TDOのデザイナー紹介

一級建築士

荒川 圭史Keiji ARAKAWA

  1. 1961年

    東京都生まれ

  2. 2011年

    グッドデザイン賞受賞「浦和区の二世帯住宅」

  3. 2012年

    グッドデザイン賞受賞「東京一軒家」

  4. 2013年

    グッドデザイン賞受賞「フレックスレジデンス成城モデル」

  5. 2017年

    屋内緑化コンクール 日本家庭園芸普及協会会長賞受賞
    グッドデザイン賞受賞 街かどへーベルハウス豪徳寺「はなまねき」

01 最も基本的な考え方はそのデザインがロングライフであることです。

ロングライフデザインということ自体、様々な定義が出来ると思いますが、ロングライフデザインであるために必要であると考えていることは、耐久性を持たせるとか、部品が交換できるようなサスティナビリティを持たせることだけではなく、そのデザインがいつまでも飽きない愛着が持てるデザインになっているかどうかということです。椅子やプロダクトの場合など、いわゆる巨匠といわれているようなデザイナーの残した定番の作品には今でも長く愛されているものも多く、この表現はイメージしやすいと思います。しかし住宅あるいは空間のデザインの場合基本的には一品生産でそこにしかないためイメージしにくいこともあるかと思われます。

02 簡単に言うと気持ちがいいと思えることです。

どうすれば気持ちの良い空間を作ることが出来るのか、そこにはいろいろな要素が付いてまわりますが、もっとも基本的なことは光の性質を理解することです。これは太陽の光はもちろん夜間の照明の光も含んでいます。またそれに関連して素材(光の反射のしかたが変わる)や形も重要になってきます。
天井高や空間のプロポーションや距離感といったことも重要です。
また、室内であっても、屋外であっても、GREENの存在は環境的な問題だけでなく、気持ち良さや、美しさと切っても切れない関係があると考えています。
また気持ちのよさと言うのは視覚からくるものだけでなく、五感すべてで感じるもので、中でも皮膚感覚というのは重要だと考えています。ですから熱をうまくデザインできたらとても気持ちの良い空間に出来ると考えています。

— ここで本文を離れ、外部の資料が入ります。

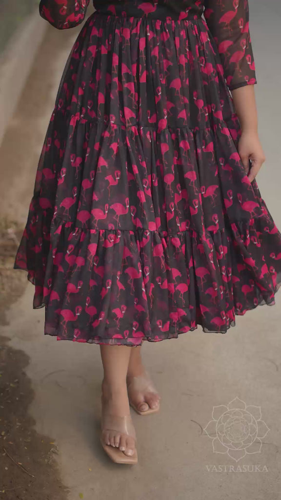 Black flamingo printed short dress in 3 layer printed soft falling chiffon fabric in 3 layer customised with full flare with inner lining perfect for any occasions

03 建築の設計とインテリアコーディネイトの境界線。

最近は住宅の空間の中で建築とインテリアコーディネートの境界線と言うことも意識しています。インテリアのコーディネイトは基本的にはそこに住む人が自分の好きな空間にコーディネイトしていくものだと考えているので、建築の設計の中で設計者が必要以上に仕上げ材にこだわったり、不要なものを付け加えていくようなデザインは好きではありません。素材にはこだわりますが、あくまで光をきれいに返してくれる素材であったり、肌触りがいいものだったり、うまくエイジングしてくれるものであったり、そういうこだわり方をしています。
ただルイスバラガンの住宅や、京都の角屋などのように空間の中で色を使うと言うことに関しては少しじっくりと考えてみたいと思っています。

04 建物を街とうまくつなげていきたい。

日本の特に東京の住宅地を見て、きれいな街だと思うことはごくまれなことで、たいていの場合何故こんなことになってしまうのかと思うことのほうが多いのは私だけでしょうか。
中でも何とかしたいと思っているのは、建物と道路の間に立っている塀やフェンス、そして電柱と電線です。電柱や電線はわれわれの力ではどうにもならないのですが、道路との境界線上のデザインに関しては、私たち住宅をデザインしている人間の責任も大きいと思います。建築家のエドワード鈴木さんは、この部分をインターフェイスという言葉で表現していますが、このインターフェイスのデザインに関しては、面倒な割に儲からないので、今まで誰もまじめに取り組まなかった領域だと思います。
それでも、最近では格子を見直したり、一面に囲い込むような塀の立て方をせず、プライバシーの問題をうまくデザインしている実例も増えてきているので、我々もどんどん新しい手法を提案していきたいと考えています。
住宅メーカーも最近はようやく外部空間計画の重要さに気がつき外構工事まで含めて請け負うようになってきていますが、その手法に関しては、まだ確立されたとはとても言いがたい状態です。
既製品のフェンスや扉を組み合わせただけの計画も散見されます。
これからは、自分の住んでいる街そのものをきれいにしていくというような視点を持って、実際にそこに住まわれる方、行政、デザイナー、住宅メーカーや各種建材メーカー、外構工事業者などが共通のビジョンを持って街路全体をきれいにしていくような活動をしていきたいと思っています。